■ **Problem to work on**
The output is the lines below from the one with "The only third" through the one with "km 0,0 der Strecke", both included, printed exactly and with no other line.

[[ Data for this task open ]]

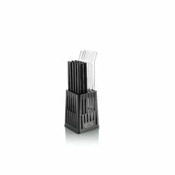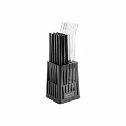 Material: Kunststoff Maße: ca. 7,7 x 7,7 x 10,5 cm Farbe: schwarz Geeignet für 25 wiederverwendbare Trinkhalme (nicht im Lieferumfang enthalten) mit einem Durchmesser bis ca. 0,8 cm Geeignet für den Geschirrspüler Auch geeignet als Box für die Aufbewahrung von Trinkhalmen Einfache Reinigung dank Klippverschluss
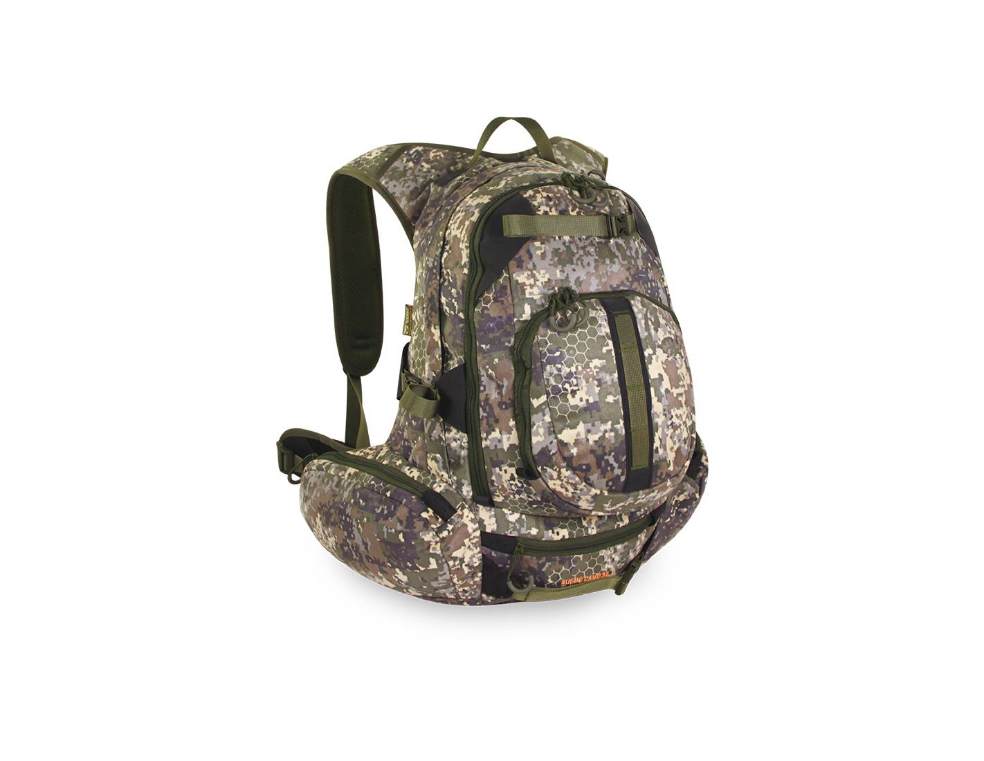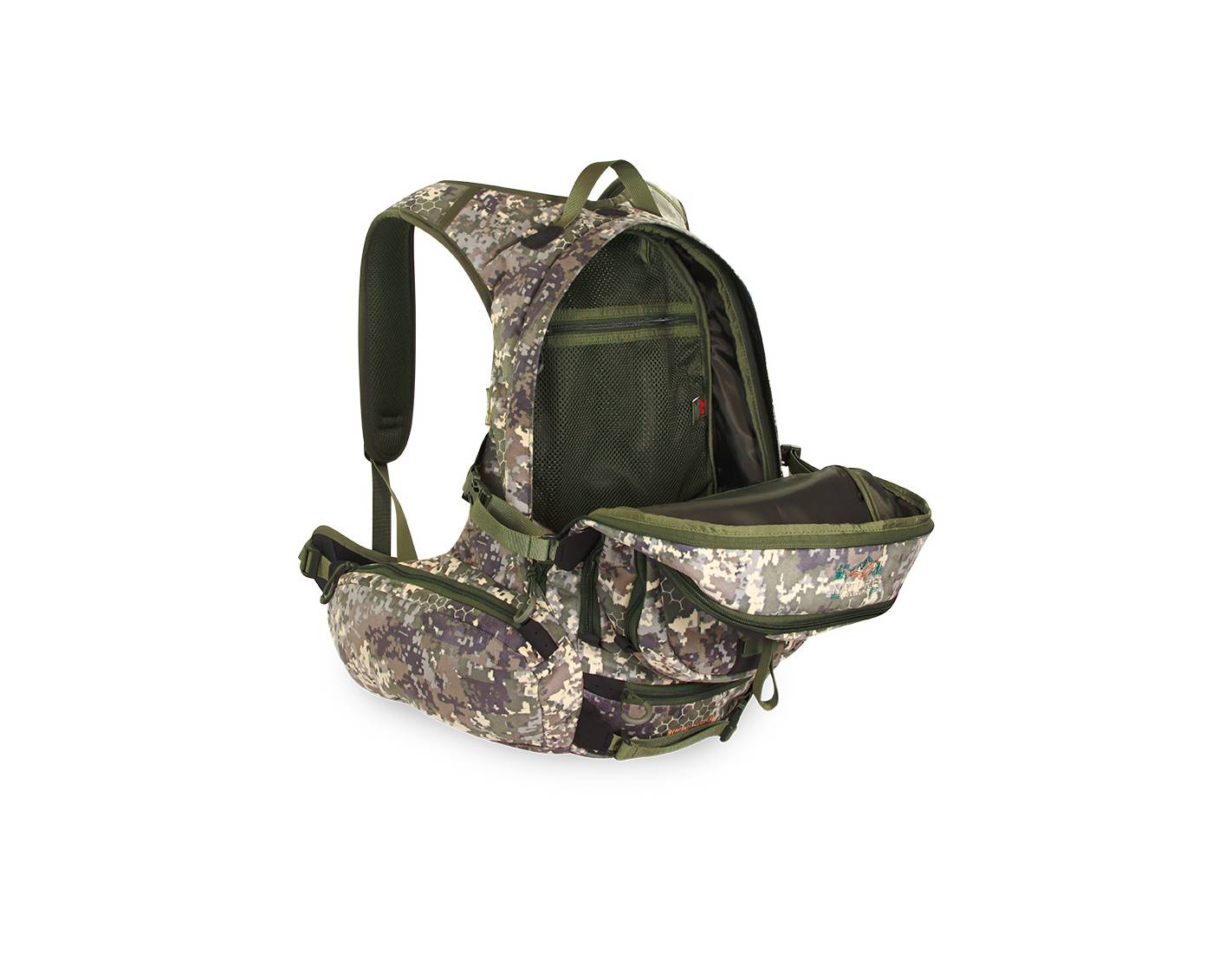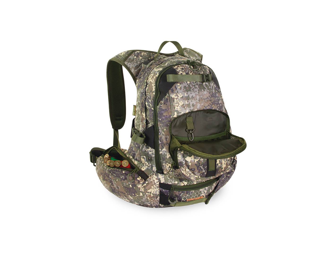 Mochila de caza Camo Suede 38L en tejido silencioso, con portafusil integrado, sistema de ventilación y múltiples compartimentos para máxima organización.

[[ Data for this task closed ]]
[[ Data for this task open ]]

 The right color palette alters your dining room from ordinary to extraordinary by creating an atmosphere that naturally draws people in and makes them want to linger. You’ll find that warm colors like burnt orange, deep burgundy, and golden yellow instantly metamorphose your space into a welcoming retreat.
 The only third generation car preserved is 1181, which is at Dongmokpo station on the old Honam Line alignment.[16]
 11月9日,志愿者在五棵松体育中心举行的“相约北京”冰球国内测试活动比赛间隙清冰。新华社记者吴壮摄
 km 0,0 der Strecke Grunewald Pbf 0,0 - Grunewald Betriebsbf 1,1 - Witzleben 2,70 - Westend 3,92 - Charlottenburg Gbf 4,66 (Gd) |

[[ Data for this task closed ]]

■ **Written answer**
 The only third generation car preserved is 1181, which is at Dongmokpo station on the old Honam Line alignment.[16]
 11月9日,志愿者在五棵松体育中心举行的“相约北京”冰球国内测试活动比赛间隙清冰。新华社记者吴壮摄
 km 0,0 der Strecke Grunewald Pbf 0,0 - Grunewald Betriebsbf 1,1 - Witzleben 2,70 - Westend 3,92 - Charlottenburg Gbf 4,66 (Gd) |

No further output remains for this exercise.